I think I'm going to be asking you to make a fairly significant shift in
context as I give you my remarks.  I'm really here to give you an anecdote
__ sort of a horror story.

We are an old industry.  The insurance industry in this country has been
around for hundreds plus years, Prudential has been around since 1875.  We
have old products that have been expressed on paper, copyrightable, that are
now finding, in manual systems to implement those old products, they are now
finding new expression in electronic form, implemented through new systems
that also use software and computers.  And here I am, a former tax lawyer,
who now finds himself running a small business with The Prudential. 
Prudential has 100,000 employees; my little business has eleven employees. 
So I listened to the conversations about big organizations against the
little guy, the innovator, and wonder where I fit because I am both.  I am
not a patent lawyer, and I am not a software expert.  All I know about
software is that I use it every day.

As I mentioned, I work in OPEB Funding, O_P_E_B stands for Other Post
Employment Benefits.  OPEB Funding offers institutional investors financing
solutions for their retiree healthcare liabilities.  If you read the paper
today, Clinton and his agenda includes healthcare reform, it's a big part of
my life.

My work is different from traditional pension benefits, this is post
retirement healthcare benefits that I work with.

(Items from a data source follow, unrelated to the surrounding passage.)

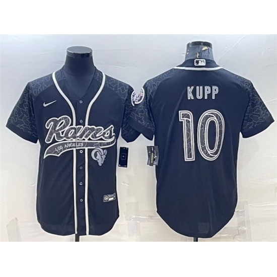 Men Los Angeles Rams 10 Cooper Kupp Black Reflective With Patch Cool Base Stitched Baseball Jersey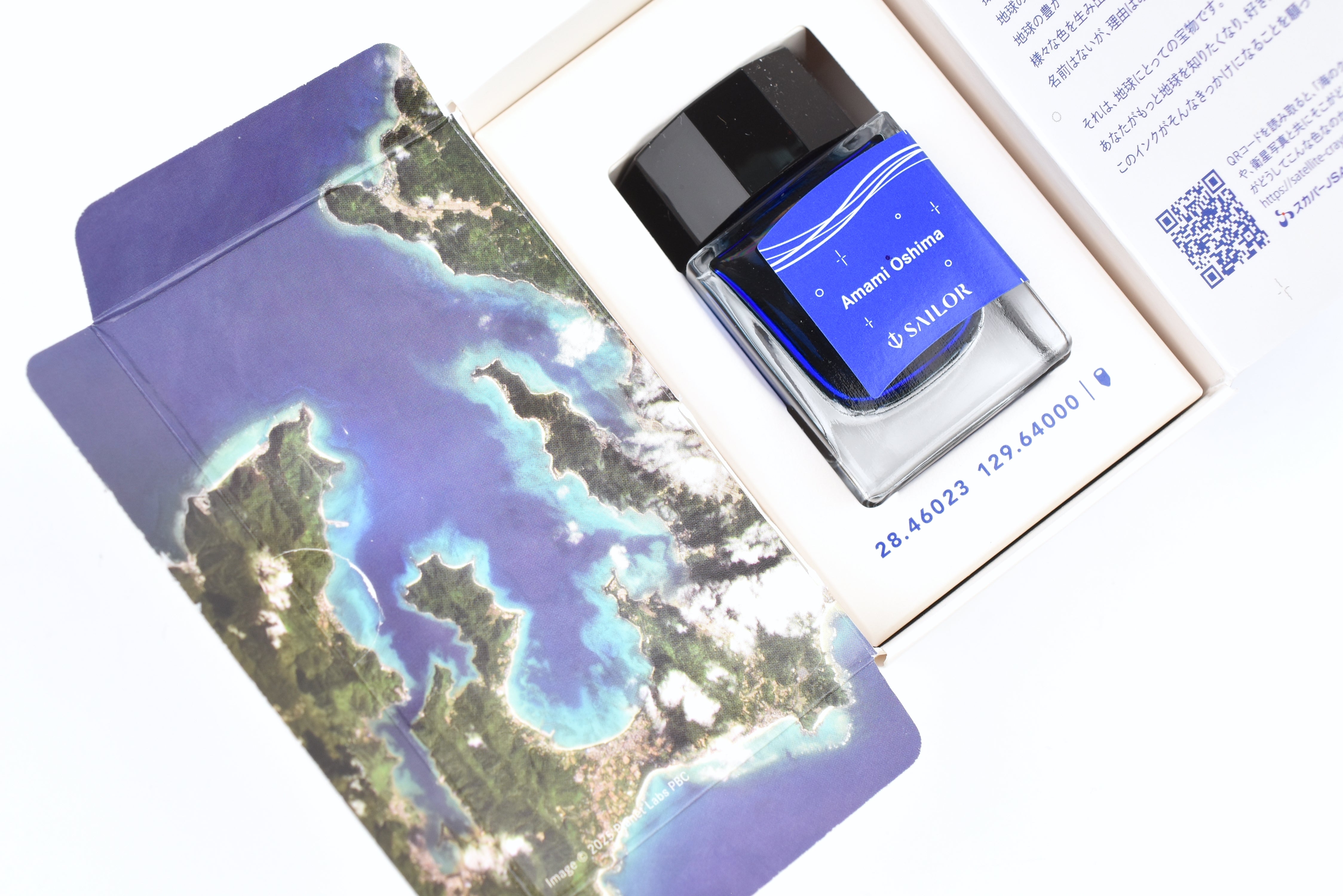 The Satellite Crayon Project is a special program in Japan that aims to share the beauty and nature of our planet to a broader audience. This special project extracts the beautiful colors from satellite photography and transforms them into different sets of crayons. In this limited collaboration with Sailor, they selected the 12 Sea Crayon Set and transformed them into ink colors including the following three sea bodies: "Syvash", "Eleuthera Island", and "Amami Oshima". On the packaging of each ink bottle, you may find geographic coordinates that will bring you to the location of the sea, as well as a stunning satellite image of the color inspiration.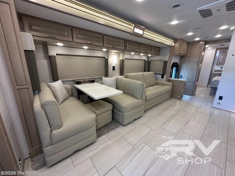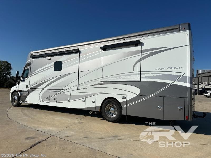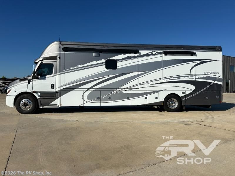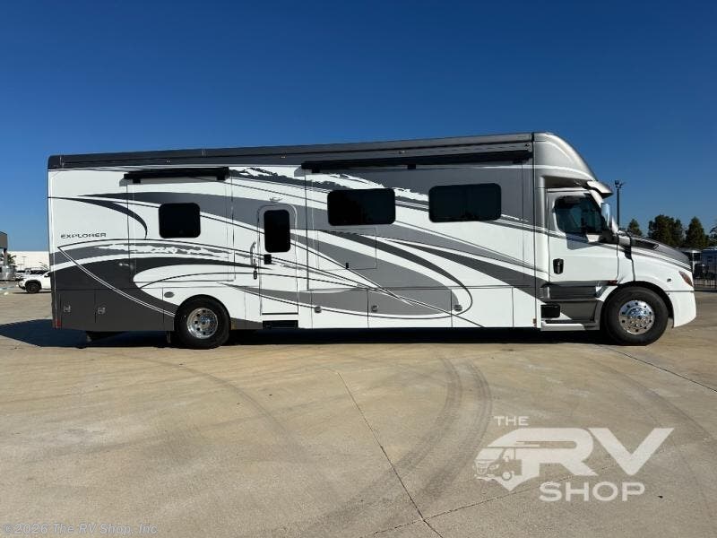 Extreme luxury, extreme purpose, and extreme durability is what you will find in each one of these Renegade Explorer Super C diesel motorhomes! They are more advanced than ever with a Freightliner Cascadia 116 chassis with an Allison TRV4000 transmission, a Detroit DD13 engine, and 525HP. The spacious interior is beautifully designed with tile floors, full maple, hardwood residential style cabinets, tile backsplashes, and ultra soft touch vinyl furniture upholstery. A multiplex system comes with Bluetooth app control so you can use it at the touch of a finger, and the Girard 2-Stage lateral arm rooftop awning with LED lights will protect you rain or shine and night or day. The exterior also has seven full body paint treatment colors to choose from and a 4 point automatic hydraulic leveling system. Start driving in style today!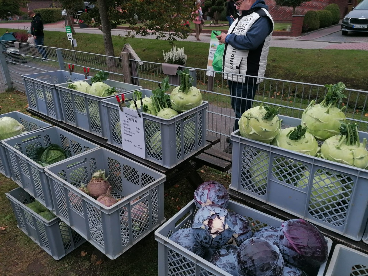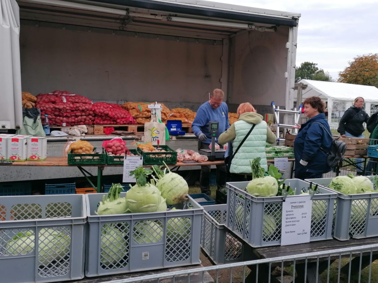 Neben Wollsocken und selbstgemachter Deko war ein Highlight der Obst- und Gemüsestand. Hier wurden Obst, Gemüse und Eier von hiesigen Anbietern angeboten.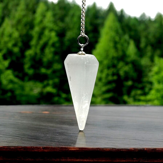 Selenite Faceted Pendulum | Crystal Dowsing Tool | Divination Instrument | Healing Stone | Meditation Aid | Spiritual Gift | Reiki Energy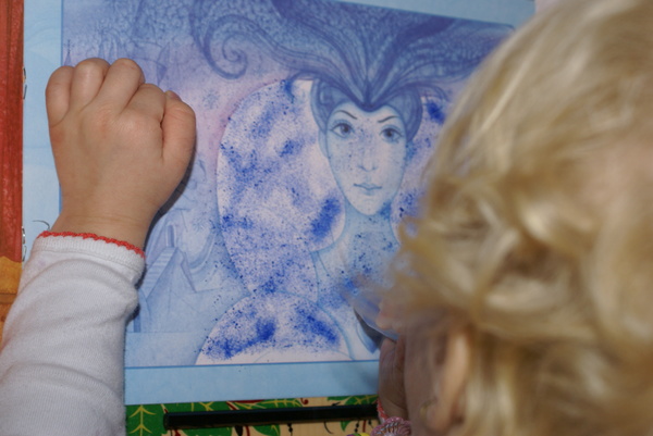 Наносим иней на наряд Снежной Королевы: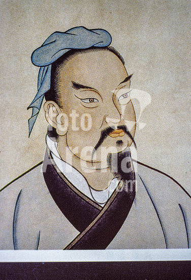 akg8222576 Sun Tzu, Chinese general, military strategist and philosopher of the time of Spring and Autumn Annals, author of the book Sunzi Bingfa (The Art of War), Qi around 544 BC - Wu around 496 BC Chr. - Portrait. - Chinese painting. Author: ANONYMOUS.
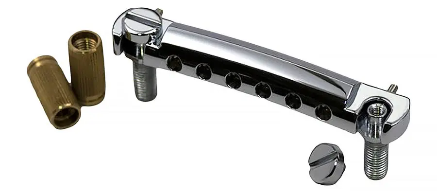 – wraparound tailpiece for Tune-O-Matic bridges- made of aluminum for true 50’s vintage feeling and improved extra resonant quality- exceptional intonation and increased harmonic overtones- mounting studs with US thread (imperial)- 82.0 mm (3.228″) stud distance- incl. TonePros SS1 Locking Studs (TP SS1 C)- incl. hex key- chrome finish

Our primary product is a
flexible premium group life insurance contract.  The contract offers the
employer participating life insurance, but also a broad array of investment
accounts similar to pension accounts.  Typically it is purchased by a trust,
and the employer uses that trust to finance the cost of those benefits.

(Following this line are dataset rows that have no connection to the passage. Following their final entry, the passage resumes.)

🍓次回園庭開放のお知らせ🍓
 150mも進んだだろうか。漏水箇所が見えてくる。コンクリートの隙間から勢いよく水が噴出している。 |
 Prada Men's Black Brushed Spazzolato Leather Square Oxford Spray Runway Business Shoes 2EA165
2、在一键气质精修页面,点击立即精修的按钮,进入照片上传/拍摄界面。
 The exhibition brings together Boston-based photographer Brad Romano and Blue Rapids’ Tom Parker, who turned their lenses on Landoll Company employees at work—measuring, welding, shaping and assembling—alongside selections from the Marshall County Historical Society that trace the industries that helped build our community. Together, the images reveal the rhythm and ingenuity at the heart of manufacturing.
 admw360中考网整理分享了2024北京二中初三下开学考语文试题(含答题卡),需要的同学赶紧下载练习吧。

Now, our product development work for this product that we're selling began
in 1987.  We're highly regulated.  We had to file with state insurance
departments for approval of our forms, their content are dictated in large
part by the states.  Our first state approval occurred in 1989, in April. 
Our first product installation occurred in August of 1989.  Our system
development work paralleled that timeframe, and built on existing Prudential
systems already used for very similar products.

Now, I should note that our product took a very old idea; that is, a life
insurance contract and a trust to fund employee benefits, and updated it by
employing a group insurance wrapper rather than an individual policy
wrapper.  And that was a significant innovation only because legal
impediments in our industry were perceived to say it was not possible to do
it.  We did it.

I then turned to our lawyers and I said, "How do I protect this innovation?"
They said, "You cannot, you cannot patent a life insurance contract.  You
can copyright it, but you can't patent it".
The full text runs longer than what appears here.